Critique du film Mission evasion (4 / 10)
UN HOMME
D'HONNEUR
Surprise! Pour une fois la vedette n'est pas, contrairement à ce que
suggère l'affiche, Bruce Willis ("Piège de cristal", "L'armée des douze singes", "Le cinquième
élément", "Sixième sens").
Le vrai premier rôle est celui du lieutenant Thomas W.
Hart, tenu par l'Irlandais Colin Farrell ("Ordinary Decent Criminal", "Tigerland", et
prochainement dans "Minority Report"). Son personnage, un jeune "bleu" à la conscience
tourmentée, ne joue pas les héros à la "Piège de cristal" ou autres "Independence day" mais
seulement un jeune lieutenant solitaire qui tente d'assumer son grade malgré les circonstances.

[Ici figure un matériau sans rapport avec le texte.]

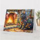 Black Cat Sitting Fireplace with Christmas Lights Card
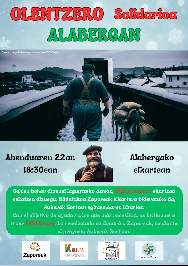 Alabergako Arditurri Auzo Elkarteak Alabergako Olentzero solidarioa antolatu du abenduaren 22rako. Beharra dutenei laguntzeko helburuarekin, auzo elkarteko kideek pasta lehorra jasoko dute Alabergako elkartean, 18:30etik aurrera. Bildutako jakiak Zaporeak elkarteari igorriko dizkiote.
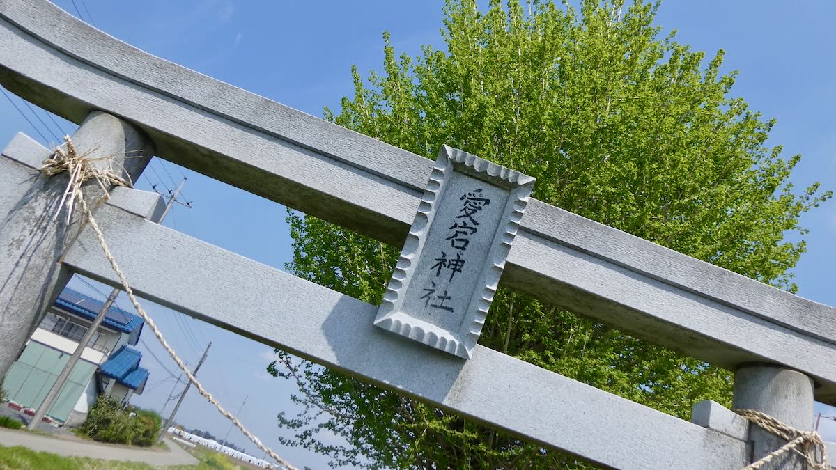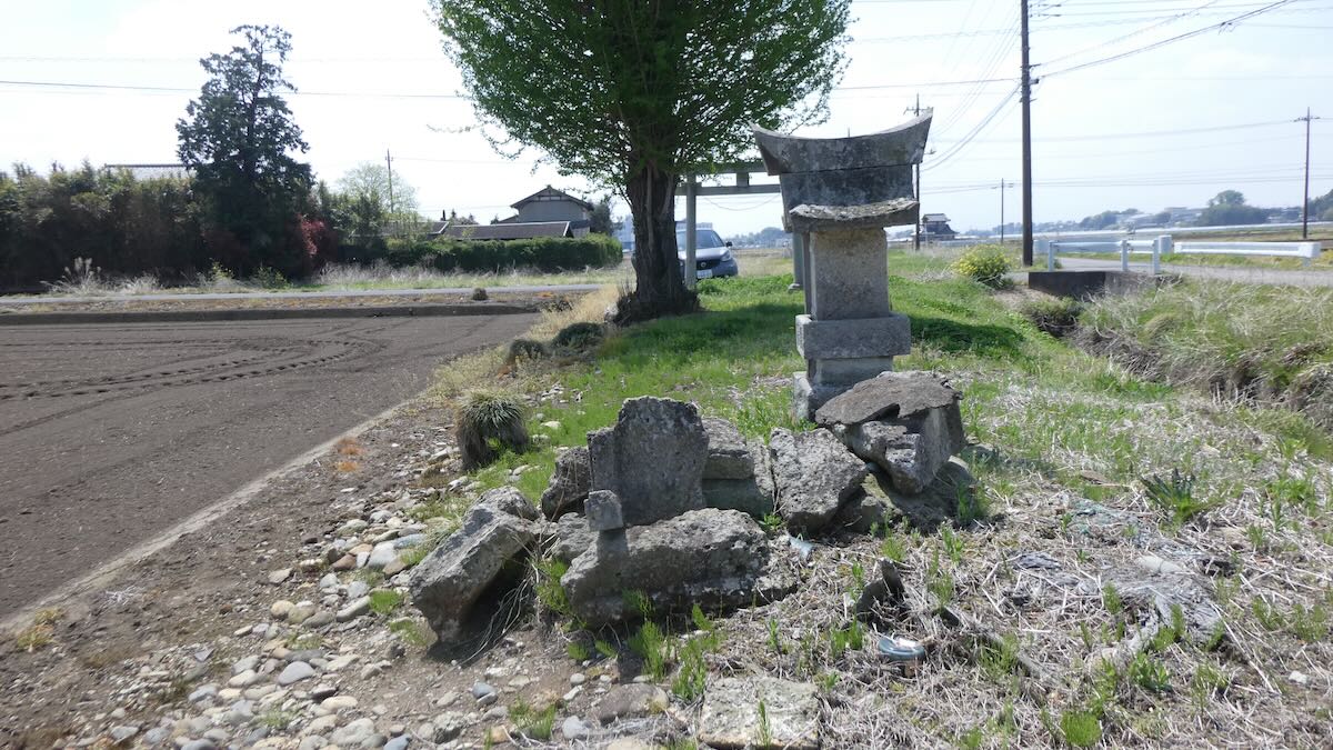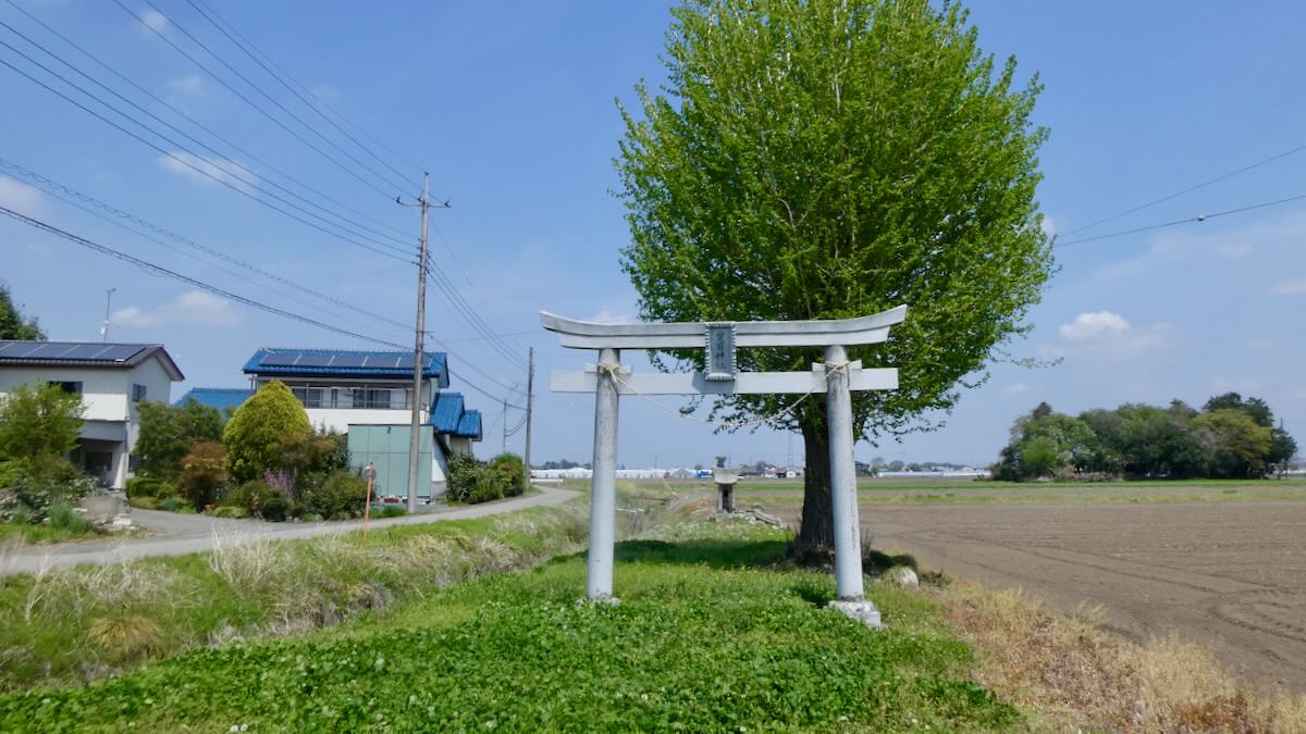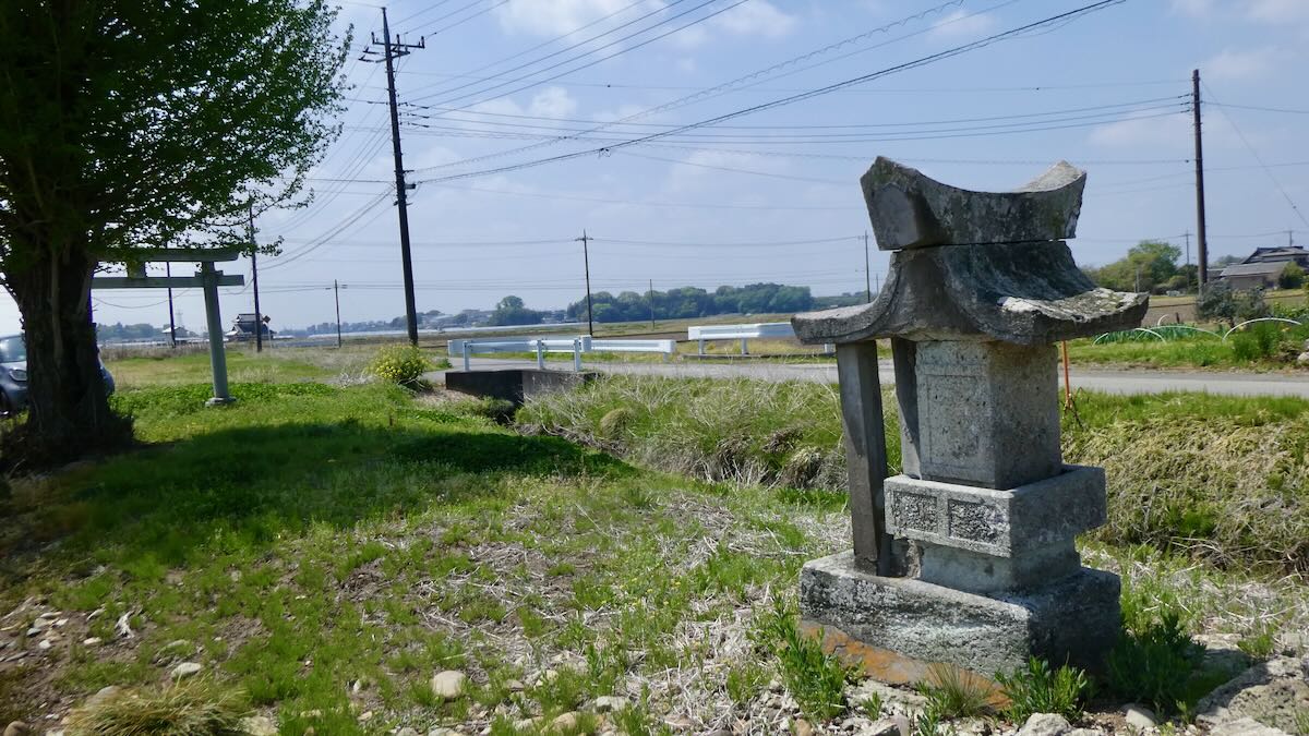 水橋街道156号線西の沖渋川観音堂南の田の中に鎭座。本殿背後に旧本殿石材が保存されている。平成十九年2007石鳥居。

Son impressionnante interprétation demeure certainement l'un des points forts du
film.
Qu'on ne s'y trompe pas, même si les héros ici sont bel et bien des
Américains en uniformes, "Mission évasion" est une agréable surprise : un film qui tiendrait plus
de "La grande évasion" que des habituels blockbusters d'actions (le titre paraît d'ailleurs ne
pas nécessairement satisfaire l'esprit du film).

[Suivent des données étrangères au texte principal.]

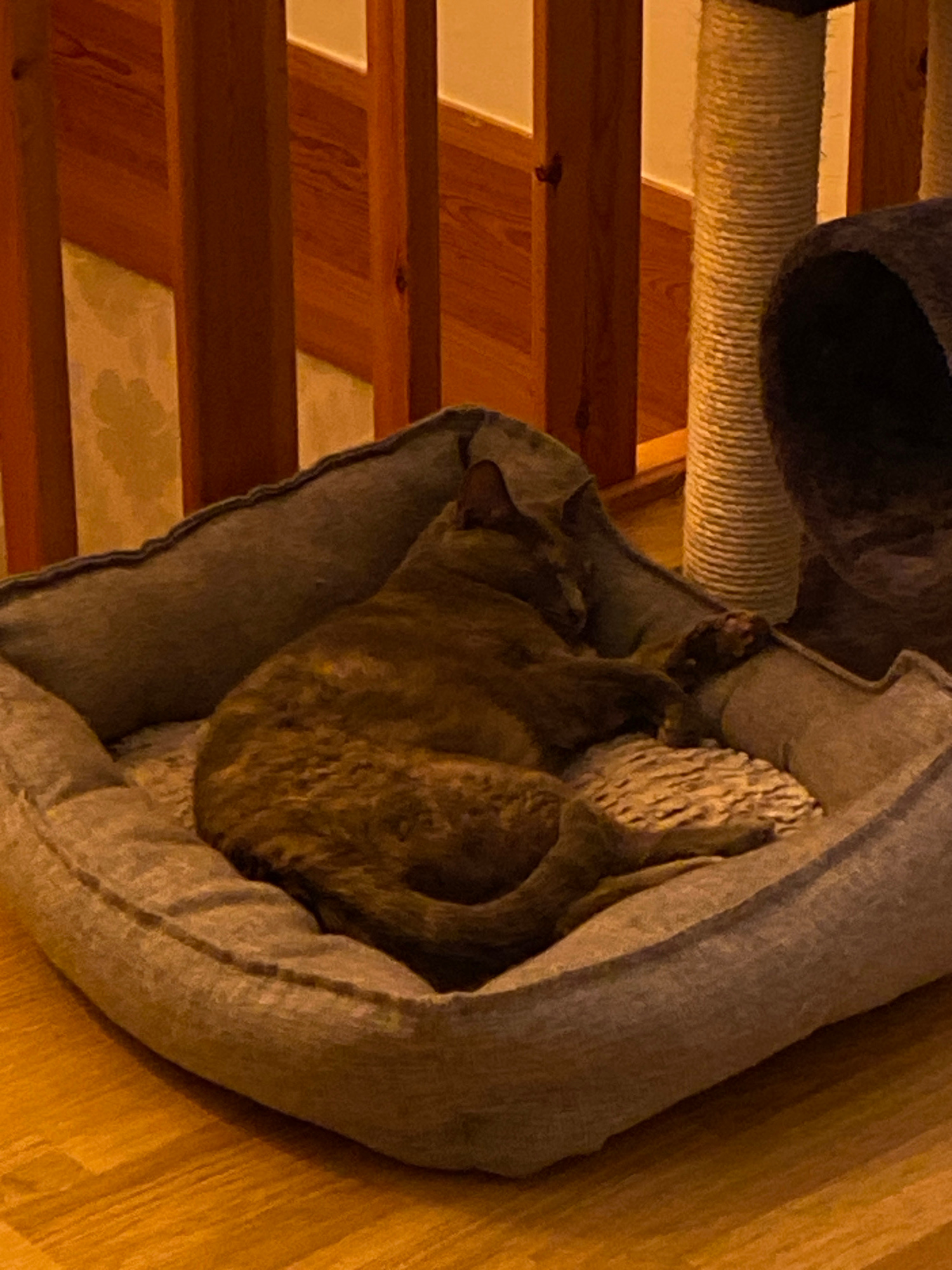 This indoor photograph, taken in Björklinge, Sweden, captures a tabby cat soundly asleep in a grey pet bed. The image is rotated 90 degrees clockwise, presenting the scene on its side. The cat, displ…read more

Les toutes premières scènes
fournissent leur lot de fusillades et explosions pour laisser en suite la part belle aux tensions
psychologiques. Terrence Howard ("Dead presidents", "Angel eyes", "Glitter"), alias le lieutenant
Lincoln A. Scott, crève l'écran et vole, lui aussi, un peu la vedette à Mister Willis. Il
incarne celui par qui vient l'histoire et par qui apparaîtra l'inévitable (et très américaine)
morale finale.
Mais le personnage le plus intéressant est de loin celui de Marcel
Iures (Le colonel Werner Visser). Mystérieux et ambigu chef nazi du camp, il n'est pas tout à
fait méchant mais pas pleinement gentil pour autant. Malheureusement, un trop plein de
"gentillesse" semble porter un coup à la crédibilité de l'ensemble.
Bref, "Mission
évasion" est un film sur la guerre? sans la guerre. Ici point de champ de bataille.

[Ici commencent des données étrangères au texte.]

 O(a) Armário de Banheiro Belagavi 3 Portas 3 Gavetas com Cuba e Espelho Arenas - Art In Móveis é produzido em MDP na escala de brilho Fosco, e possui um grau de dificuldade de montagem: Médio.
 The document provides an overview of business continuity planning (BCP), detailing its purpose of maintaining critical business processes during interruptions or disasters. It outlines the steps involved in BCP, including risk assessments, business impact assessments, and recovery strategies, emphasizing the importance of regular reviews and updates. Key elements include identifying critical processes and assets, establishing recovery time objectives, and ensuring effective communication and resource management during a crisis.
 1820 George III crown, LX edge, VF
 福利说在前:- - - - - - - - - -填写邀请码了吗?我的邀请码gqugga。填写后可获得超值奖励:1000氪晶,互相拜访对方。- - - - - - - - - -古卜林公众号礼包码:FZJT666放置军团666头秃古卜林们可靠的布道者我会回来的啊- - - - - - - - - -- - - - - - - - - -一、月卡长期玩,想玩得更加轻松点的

Juste un récit brillamment entretenu et une intrigue plutôt bien menée (même s'il y en aura
toujours pour dire qu'elle est téléphonée). Le film est un condensé d'une foule de bonnes idées
(comme un chef nazi qui a fait ses études aux Etats Unis et écoute de la musique jazz afro
américaine) et de détails historiques, à l'image du POW (Prisoners Of War) inscrit sur le toit
des trains pour éviter les bombardements alliés.
L'histoire du noir maltraité par
des méchants blancs n'est finalement ici que prétexte à montrer une armée américaine envoyée
pour combattre les "forces du mal" alors qu'elle est elle-même infestée par le racisme. Seule
une interrogation subsiste : mais que fait Bruce Willis dans ce film?
- Justine C@ssu
-
Par zoom-Cinema.fr le 29 mai 2002.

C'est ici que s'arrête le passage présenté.